Es erklärt sich das Letztere unschwer aus dem Umstande, daß Israeliten gewöhnlich nur mit Israeliten, Waldenser am liebsten wieder mit Waldensern Ehen eingehen, wodurch es beiden gelungen ist, durch Jahrhunderte ihre Stammeseigenthümlichkeiten zu fixiren.

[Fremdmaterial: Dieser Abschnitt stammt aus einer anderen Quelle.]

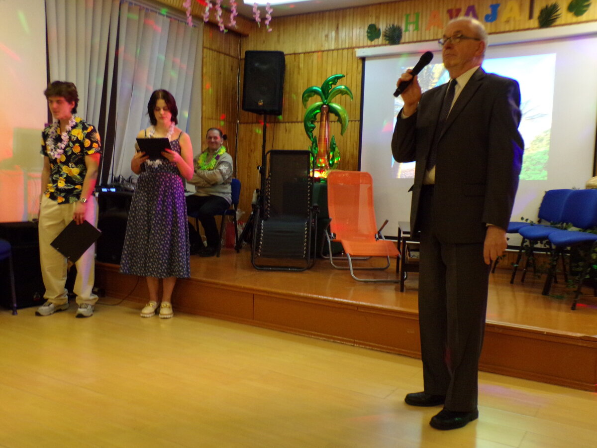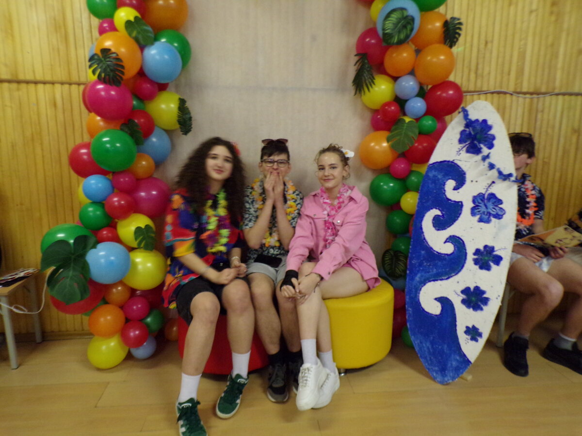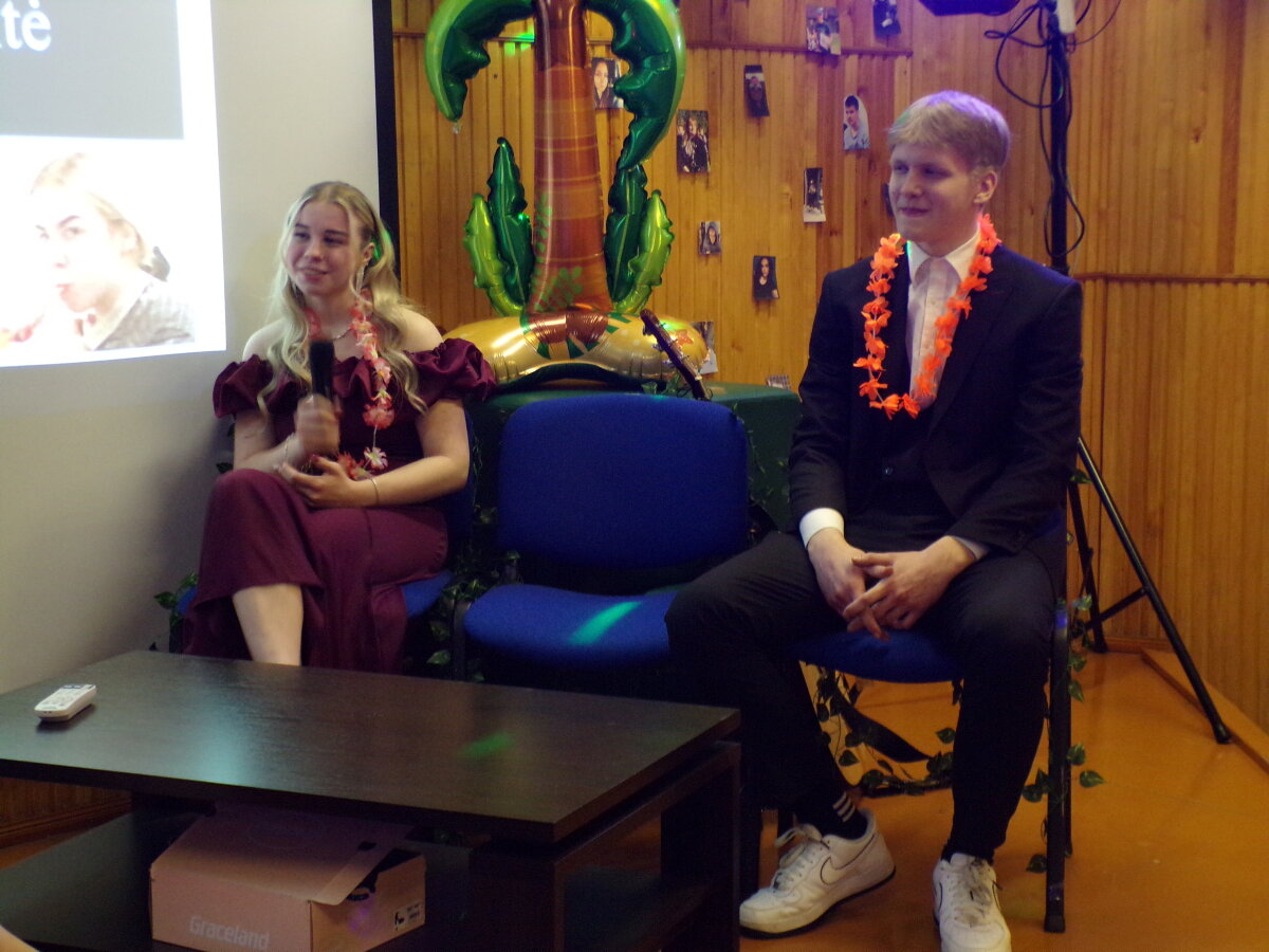 Vienuoliktokai pakvietė dvyliktokus ir jų auklėtoją Stasę Mažučiūnienę į „100 dienų kelionę po Havajus“. Tai laikas, kai kiekviena likusi diena tampa vertingu žingsniu link naujų horizontų, kai dvyliktokams reikia pagauti sėkmės bangą ir užtikrintai nuplaukti link savo svajonių krantų.

Wenn einem anderen Momente ein ähnlicher Effekt, einer ganzen Bevölkerung ihren bestimmten, im Körperlichen wie im Geistigen sich ausprägenden Stempel – im Guten wie im Schlimmen – aufzudrücken, nicht abzusprechen ist, nämlich der Ausschließlichkeit der Beschäftigung und Lebensweise, so vermischen und verwischen sich in unserem Bezirke die Charaktere des spezifischen Waldbauers, Weingärtners und Bauers durch den überall hier vorkommenden Betrieb von Geschäften, welche gleichzeitig mindestens zwei der genannten Kategorien angehören. Bei solcher wechselnden Beschäftigung – heute mit Diesem, morgen mit Jenem – können sich bestimmte leiblich und geistig markirtere Individuen und Gesellschaftsgruppen nicht herausbilden, wozu noch der Umstand kommt, daß das Zusammenwohnen in größeren geschlossenen Ortschaften eine schärfere Individualisirung des Einzelnen, der von seinen Nachbarn immer mehr oder weniger annimmt, nicht aufkommen läßt, wenn auch Ortseigenthümlichkeiten dadurch zur Entwicklung kommen, der Art, daß gewissermaßen hier die Eigenart des einzelnen ganzen Orts und seiner Bewohner an die Stelle der Familien- und Personaleigenthümlichkeit, z. B. des anderwärts zu treffenden Einödebauern, tritt, der in seiner ganzen Charaktereigenthümlichkeit bei uns nicht repräsentirt ist. Wohl differiren Sitten, Gebräuche, körperliches und geistiges Verhalten sogar bei einer, zu einem geschlossenen Gemeinwesen vereinigten, größeren oder kleineren Zahl von Individuen öfters bedeutend von denen eines Nachbarorts, können kennzeichnend, selbst sprichwörtlich werden, verwischen sich aber unter dem überall nivellirend wirkenden Einfluß des zunehmenden Verkehrs, der vielfach gemeinsamen Interessen u. s. w. doch immer mehr.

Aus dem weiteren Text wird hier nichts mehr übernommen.